• Requirement
Starting with the line with "ダウンロードしたZIPファイルを選択し、すべてを展開してください。" in the entries below and going on through the line with "Shein - LUCKYFOX", output every line exactly and nothing more. No pictures.

-------- Entries shown

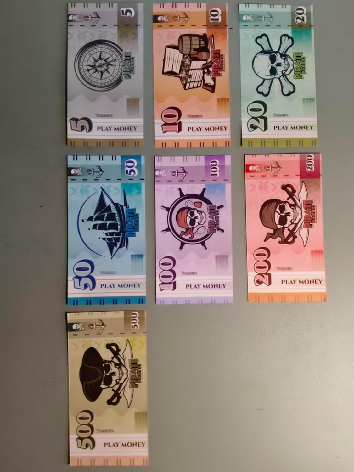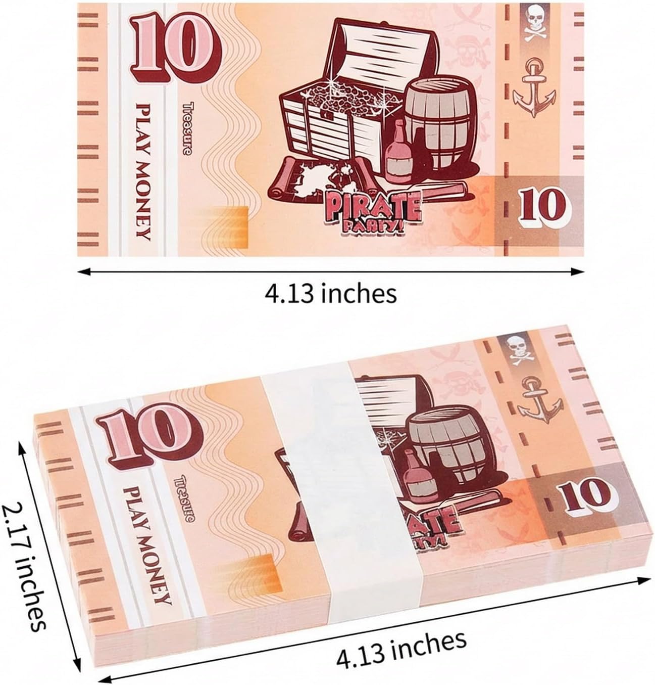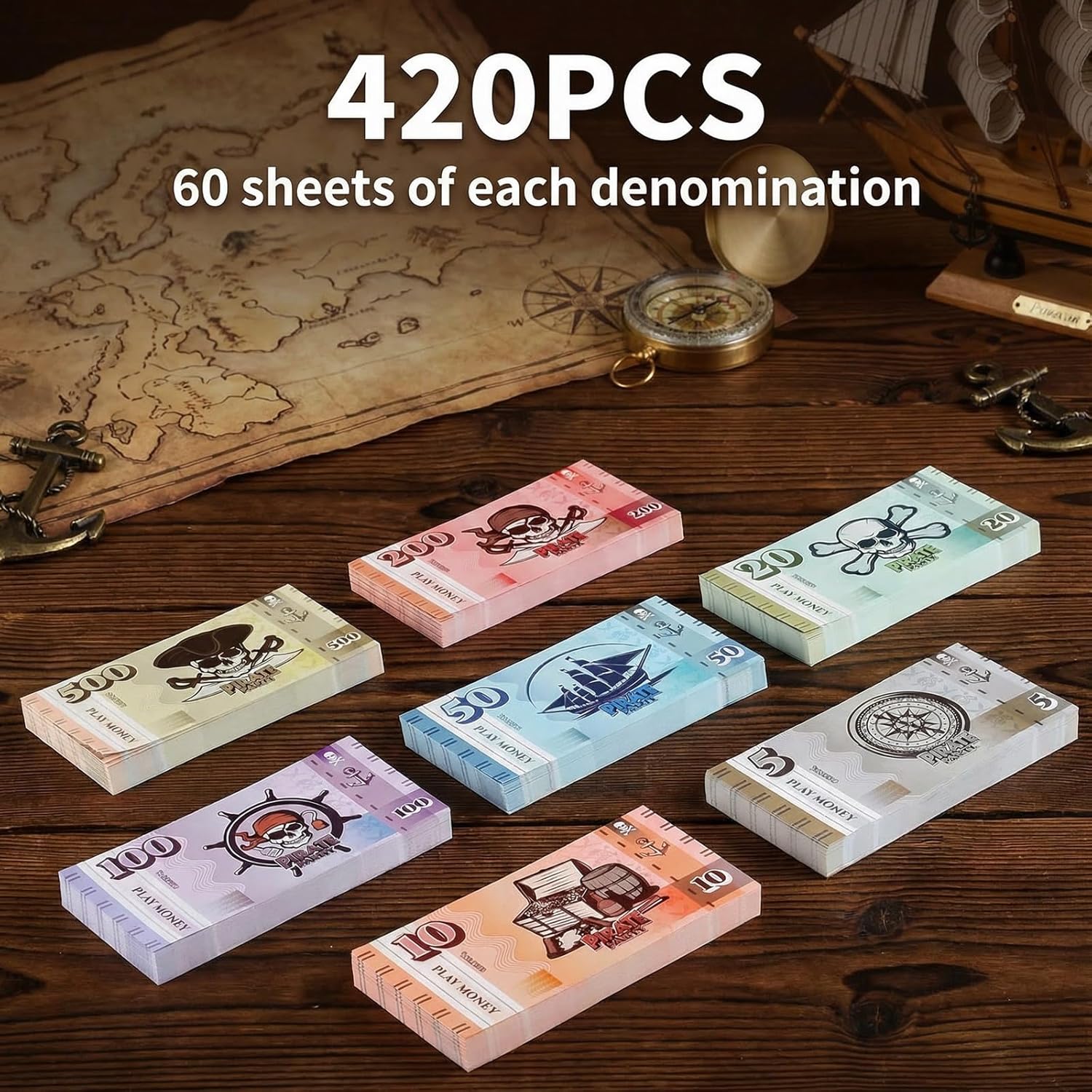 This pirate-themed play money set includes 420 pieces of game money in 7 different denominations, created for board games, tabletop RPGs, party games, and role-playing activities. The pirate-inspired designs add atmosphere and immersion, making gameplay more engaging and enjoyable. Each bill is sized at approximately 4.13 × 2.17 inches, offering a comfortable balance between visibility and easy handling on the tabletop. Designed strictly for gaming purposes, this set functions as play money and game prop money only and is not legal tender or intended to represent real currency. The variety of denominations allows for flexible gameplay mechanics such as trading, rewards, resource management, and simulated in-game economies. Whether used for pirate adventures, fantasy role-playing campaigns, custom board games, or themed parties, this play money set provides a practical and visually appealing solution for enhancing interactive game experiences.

----------------
-------- Entries shown

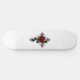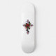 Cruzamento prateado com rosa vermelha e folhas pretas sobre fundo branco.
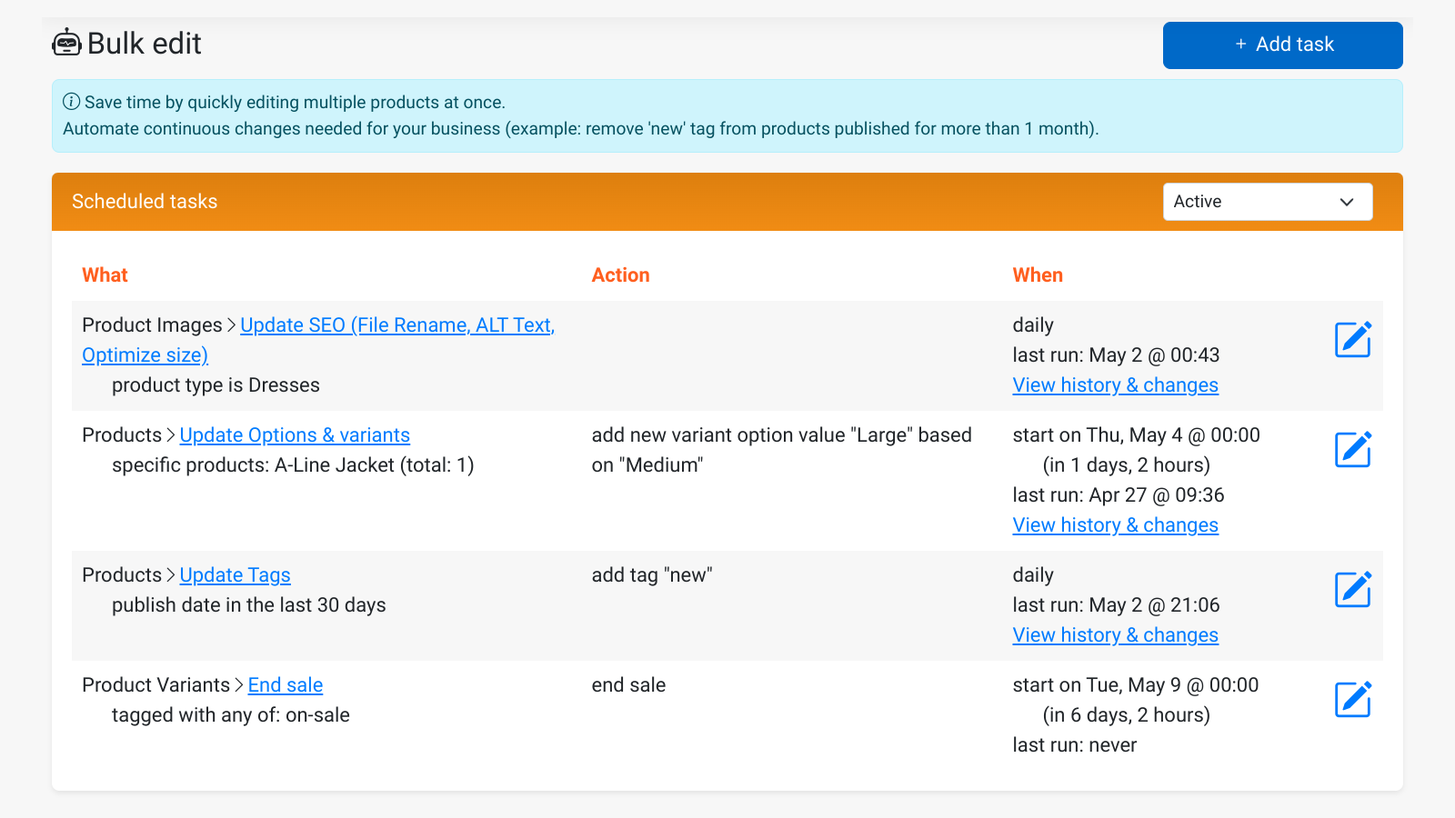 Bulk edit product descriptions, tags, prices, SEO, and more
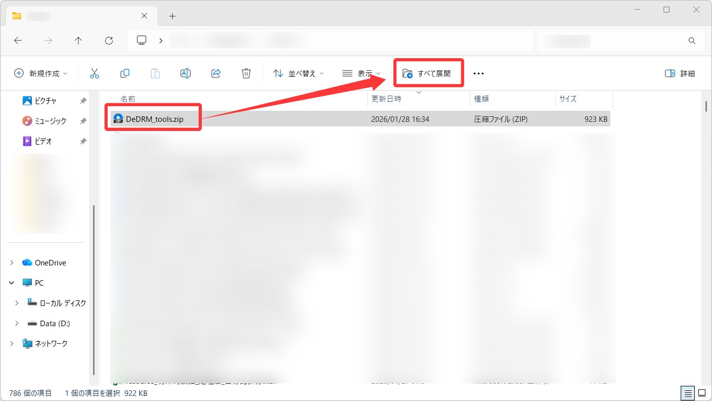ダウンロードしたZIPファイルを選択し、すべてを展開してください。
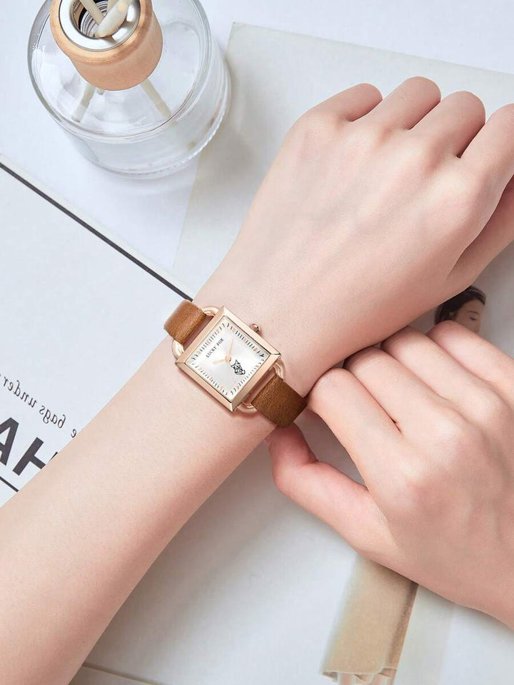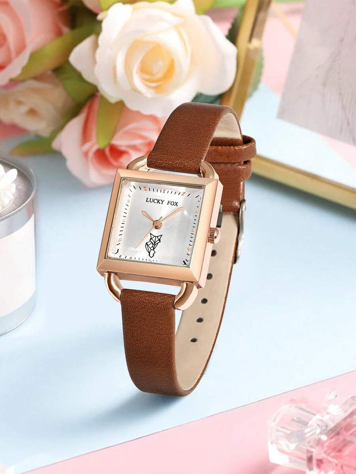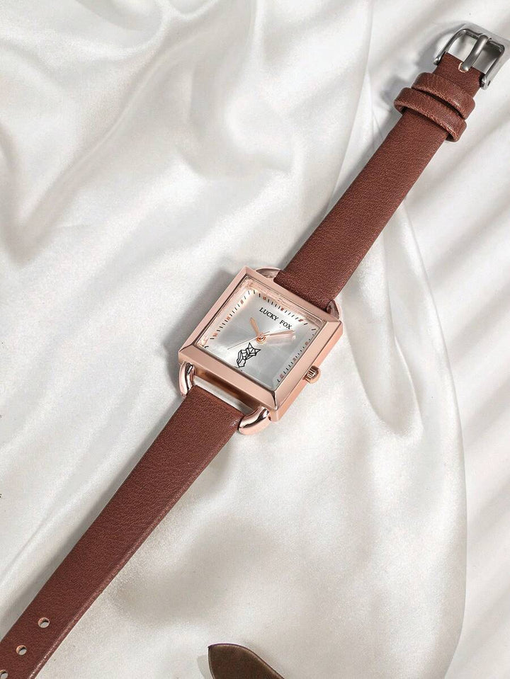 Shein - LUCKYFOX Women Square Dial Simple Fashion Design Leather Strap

----------------

• Output
ダウンロードしたZIPファイルを選択し、すべてを展開してください。
 Shein - LUCKYFOX Women Square Dial Simple Fashion Design Leather Strap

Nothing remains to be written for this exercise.